Phillies starter Aaron Nola provided the reprieve for the struggling ball club and put together one of his best pitching efforts of the season. He struck out a season-high eight batters and allowed just one run in 7 1/3 innings to help lift Philadelphia to a 5-1 win and snap the team's five-game losing streak.
Nola tied his season high of seven strikeouts before the game reached the seventh and cruised through the first seven innings, allowing just three hits and one walk. After allowing a leadoff home run to Paul DeJong on a 2-2 pitch in the top of the eighth, Nola fanned pinch hitter Greg Garcia for his eighth strikeout. He left in favor of reliever Pat Neshek one batter later after walking Matt Carpenter.
Neshek got the Phillies (23-48) out of any potential damage by getting Tommy Pham to ground into an inning-ending 5-4-3 double play. Luis Garcia pitched a scoreless ninth inning to close out the game.
Shortstop Freddy Galvis gave the Phillies an early 1-0 lead in the bottom of the first inning when he hit Carlos Martinez's first pitch of the at-bat five rows deep into the right-center field bleachers. Nola got more run support in the bottom of the fifth when first baseman Tommy Joseph led off with a line-drive home run to left field and second baseman Andres Blanco singled and later scored on an error by Cardinals shortstop Aledmys Diaz to make it a 3-0 ballgame.
Joseph, who went 2-for-3 with three RBI, pushed the Phillies out a 5-1 lead in the bottom of the eighth with a two-run single that scored Herrera and Maikel Franco.
Martinez came into the game ranked third in the NL with a 2.86 ERA and among the top 10 in 11 different statistical categories.

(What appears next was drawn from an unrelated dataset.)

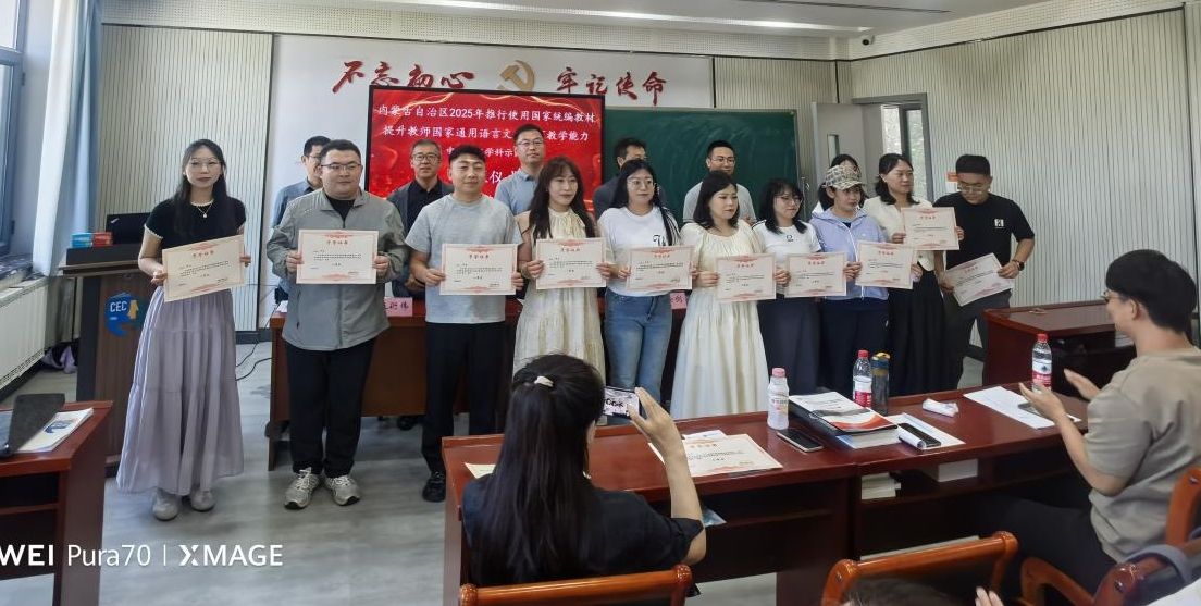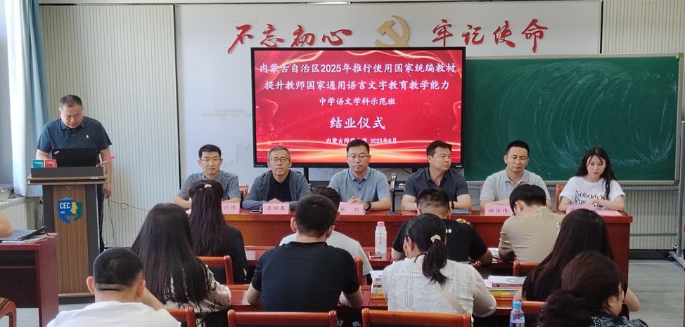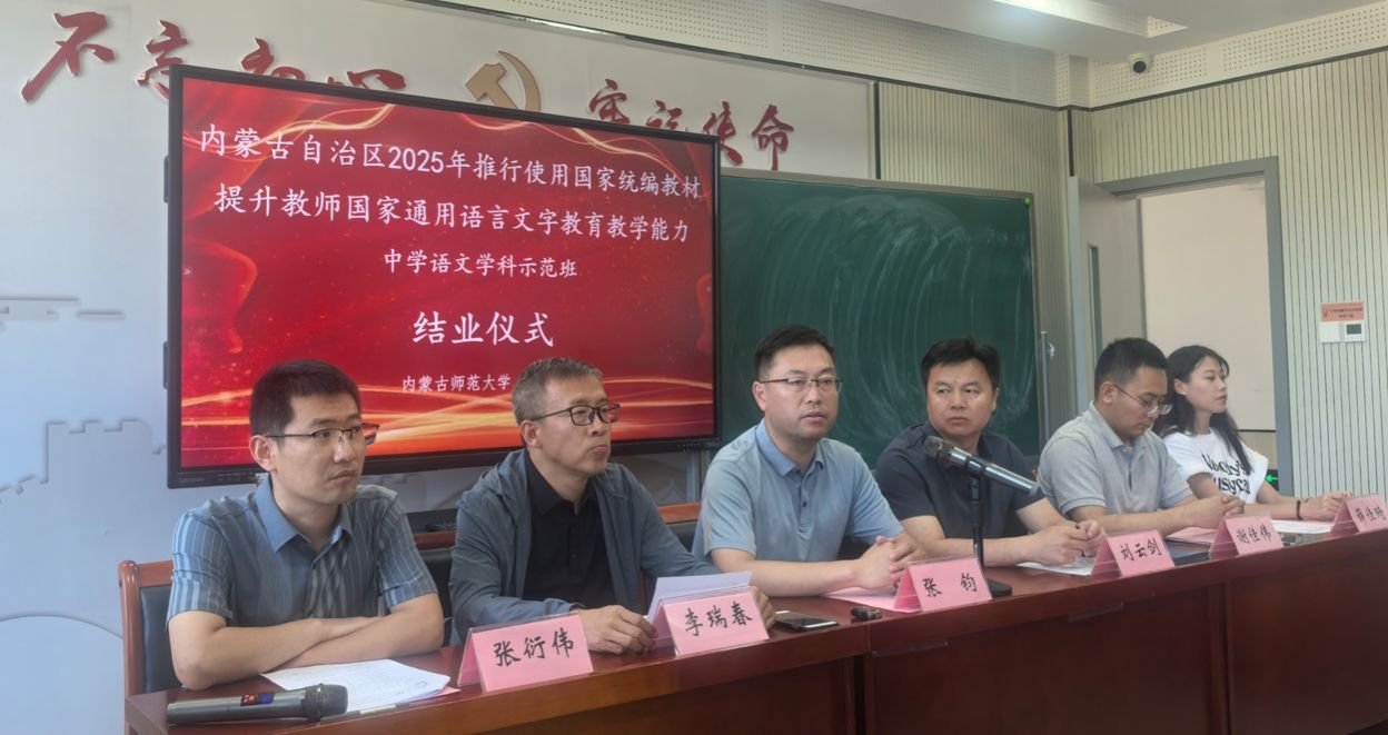 2025年6月20日,我院与继续教育学院、国家语言文字推广基地(yl7703永利集团)共同承担的内蒙古自治区2025年推行使用国家统编教材提升教师国家通用语言文字教育教学能力中学语文学科示范班培训工作圆满完成,参训的43位学员全部顺利结业,当日举办了隆重的示范班结业仪式。我院副院长张钧、汉语言文学系主任李瑞春、青年教师谢佳伟博士出席示范班结业仪式。

He left after six innings, allowing three runs (two earned), six hits and the two home runs while striking out four.
The Cardinals, who had made a living off the NL East this season with a 13-2 record in 15 previous games against the division, dropped to 33-38 to wrap up a seven-day, six-game road trip. A win Thursday would have given St. Louis its first three-game series sweep in Philadelphia since April of 2006.